Statin Therapy in Non-ischemic Cardiomyopathy: evidence from a Population Based Cohort and Mendelian Randomization Analysis

doi:10.21203/rs.3.rs-4270769/v1

Aims Statin therapy is widely used for atherosclerotic cardiovascular disease. However, evidence of benefits in patients with non-ischemic cardiomyopathy (NICM) remains controversial. Thus, this study aimed to examine the association between statin use and mortality risk in NICM patients and investigate the causal role of statin therapy on NICM.
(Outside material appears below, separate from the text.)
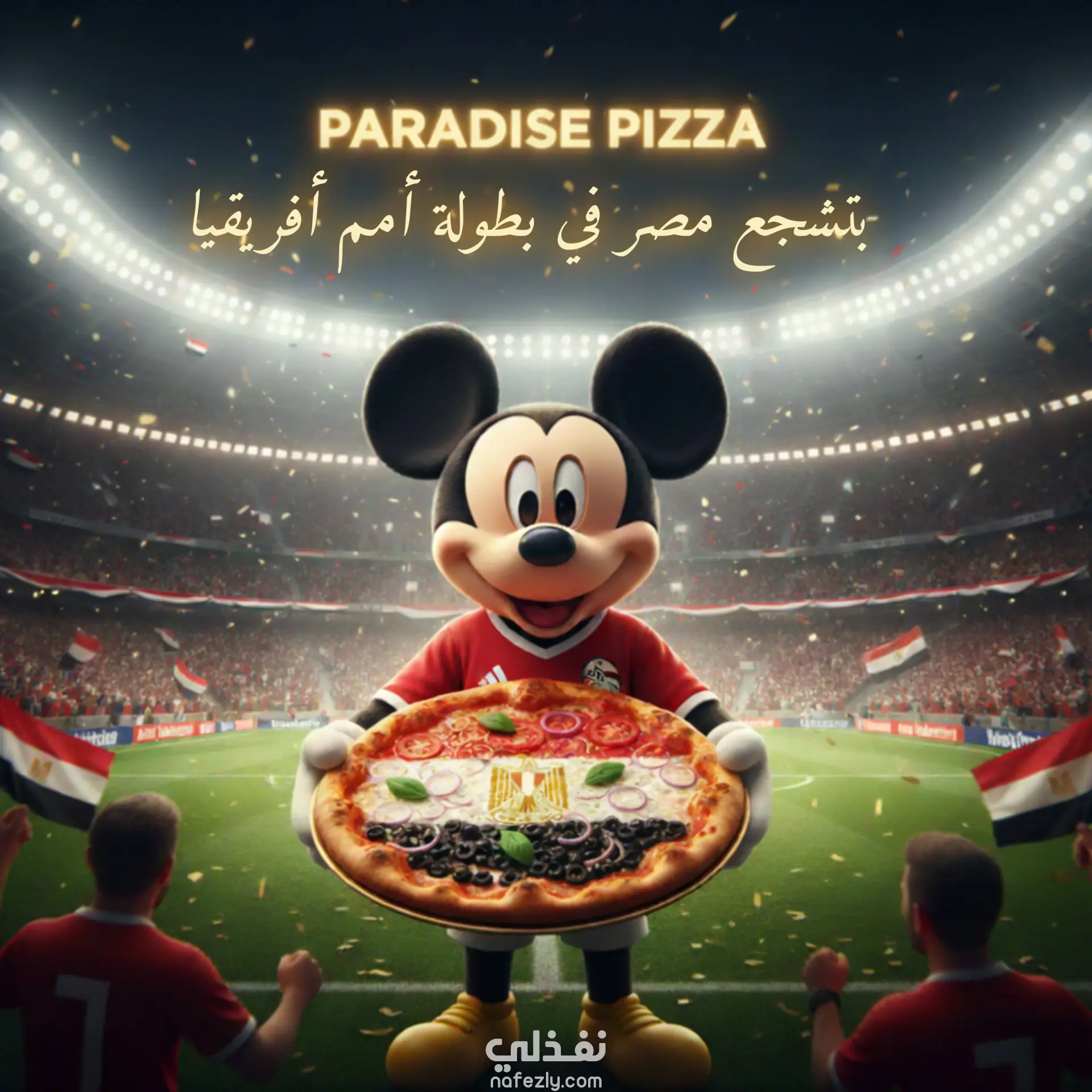 اعلان مطعم بيتزا حيث لوجو المطلعم ( ميكي ماوس ) برتدي تيشيرت منتخب مصر و الصورة تركز علي دعم وتشجيع المطعم للمنتخب المصري فيبطولة الامم الافريقية

Methods and Results We included NICM patients from a heart failure (HF) surveillance cohort abstracted from ARIC study. Kaplan-Meier estimates and logistic regression analysis were used to investigate the associated risk. In mendelian randomization (MR) analysis, summary-level GWAS data for statins SNPs were obtained through UK Biobank while data for NICM were obtained from FinnGen GWAS. Five MR methods were used to investigate the potential causality between statin therapy and NICM. 372 NICM patients were included in the population-based cohort, with 44% (164/372) reported as statin users. Overall, the 28-day and 1-year mortality rate were 5.11% (19/372) and 27.96% (104/372), respectively. In logistic regression analysis, statin use was associated with lower risk of 28-day (Odds Ratio [OR] 0.14, P=0.009) and 1-year mortality (OR 0.81, P=0.37) in the non-adjusted models. In MR analysis, estimates were concordant and similar in size in all MR methods, supporting a protective effect of statin use against NICM. The Cochran’s Q test suggested no evidence of heterogeneity in the instrumental variables while MR-Egger test showed no sign of directional pleiotropy.

ConclusionThis study provides evidence of a beneficial effect of statin use on NICM. This could have significant implications for current HF management in NICM patients.
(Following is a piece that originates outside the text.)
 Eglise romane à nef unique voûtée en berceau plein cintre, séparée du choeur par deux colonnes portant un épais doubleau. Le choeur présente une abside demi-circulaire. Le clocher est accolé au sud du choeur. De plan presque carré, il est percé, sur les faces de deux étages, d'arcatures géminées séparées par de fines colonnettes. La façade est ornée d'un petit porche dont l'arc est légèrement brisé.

Non-ischemic cardiomyopathy

heart failure

statin

Mendelian Randomization

Non-ischemic cardiomyopathies (NICM) include a heterogeneous group of myocardium diseases free of ischemic causes and usually manifest as ventricular dilatation and systolic dysfunction (1, 2). The major cause of death in NICM patients were progressive heart failure (HF) and sudden cardiac death (SCD) secondary to ventricular arrhythmias. Thus, except for targeting the specific causes, optimal managements for HF and arrhythmias are fundermental to mortality risk reduction in this group of patients.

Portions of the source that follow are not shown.